自分から変えられないけど、デロリスという一種”不純物”が入ったことで、変えられるチャンスは逃したくないという気持ち。それがみんなに伝わっていったからこその一体感。
デロリスにとっても、皆の一員になるべく聖書を枕元に置いていたといういじらしさ。
そんなあれやこれやの「突き抜けきれない人たちの、突き抜けたパワーが爆発する時」の爽快感。

客席も、盛り上がりたがっているし、爽快感を味わいたがっているんですよね。
誰が言ったか「閉塞感を打ち破るために芝居を見に来る」という気持ち。
それを「大劇場のミュージカル」として打破することに、このお芝居の存在価値はあるのだと思わされる、素敵な一体感に包まれた帝劇前楽でした。

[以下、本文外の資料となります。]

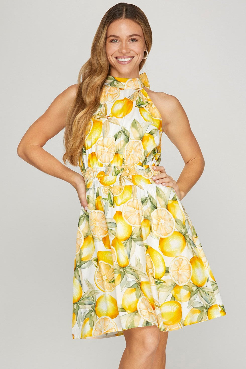 Lemon printed halter dress with elastic waist.
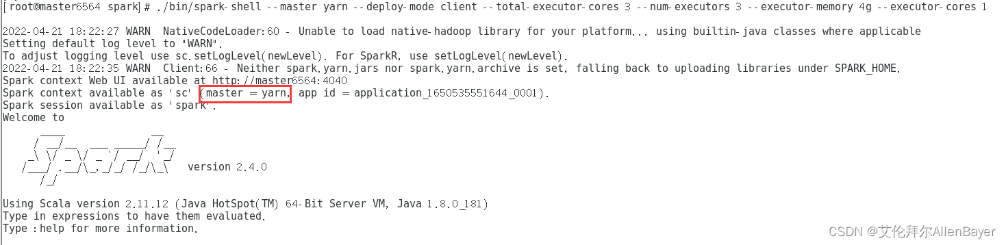 [root@master6564 spark]# ./bin/spark-shell --master yarn --deploy-mode client --total-executor-cores 3 --num-executors 3 --executor-memory 4g --executor-cores 1
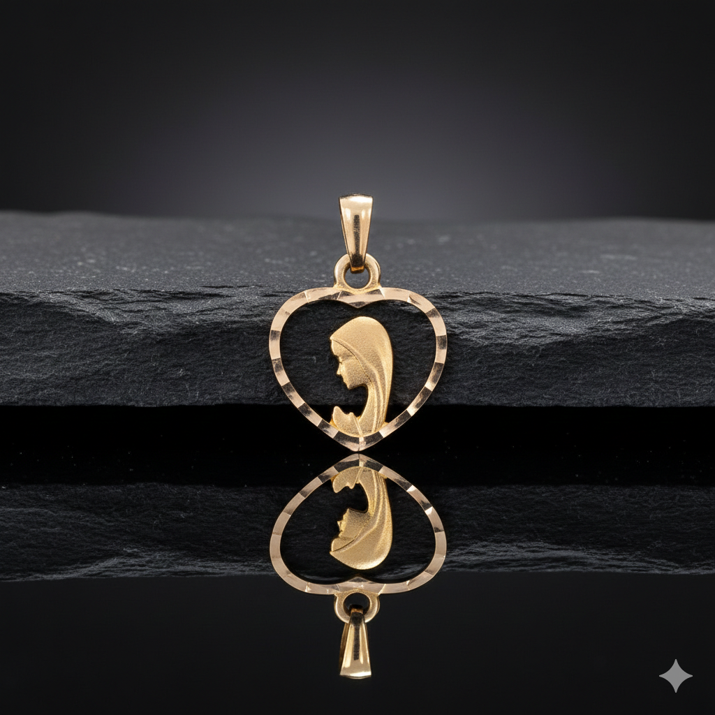 Medalik w kształcie serca podkreśla miłość, opiekę i duchową bliskość Matki Bożej. Delikatna sylwetka Maryi umieszczona wewnątrz serca czyni ten medalik osobistym znakiem wiary, nadziei i ochrony.
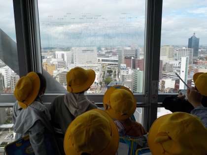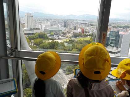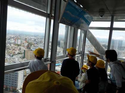 富山市役所展望塔を見学した様子です。富山湾が北にあることを確認した後、東西南北それぞれの方位に何があるのかを見学しました。

この日帝劇前楽(ご自身は帝劇楽)でご挨拶されたモリクミさんが、舞台上の台詞に掛けて「私がこの作品でここにいるのは、理由があってのことだと思います」の言葉は、ここまでのモリクミさんの辿ってきた道と重ねるときっととっても深い意味を持つと思うし。
ミュージカル初心者も含めて「劇場に新しい人を呼んでくる」というミッションにこれほどまでにぴったりな作品はないと思います。集客的には苦戦していて気の毒なほどでしたけども、この盛り上がりが次に繋がることを祈念しています。

言い古されたことですが、今回の公演で2点だけ。

作品名はやっぱり『天使にラブソングを』にしておいて欲しかった。集客が大きく違うはず。

平日開演18時。これは正直きついです。子役もいないのに21時終演。
それでもそれを守らなければならない故の逆算なら、余分なシーンを切り取れば18時15分は可能なはず(とはいえ、そんなに余分なシーン感じませんでしたが)。

次の再演の時には、ぜひ再考していただきたいものです。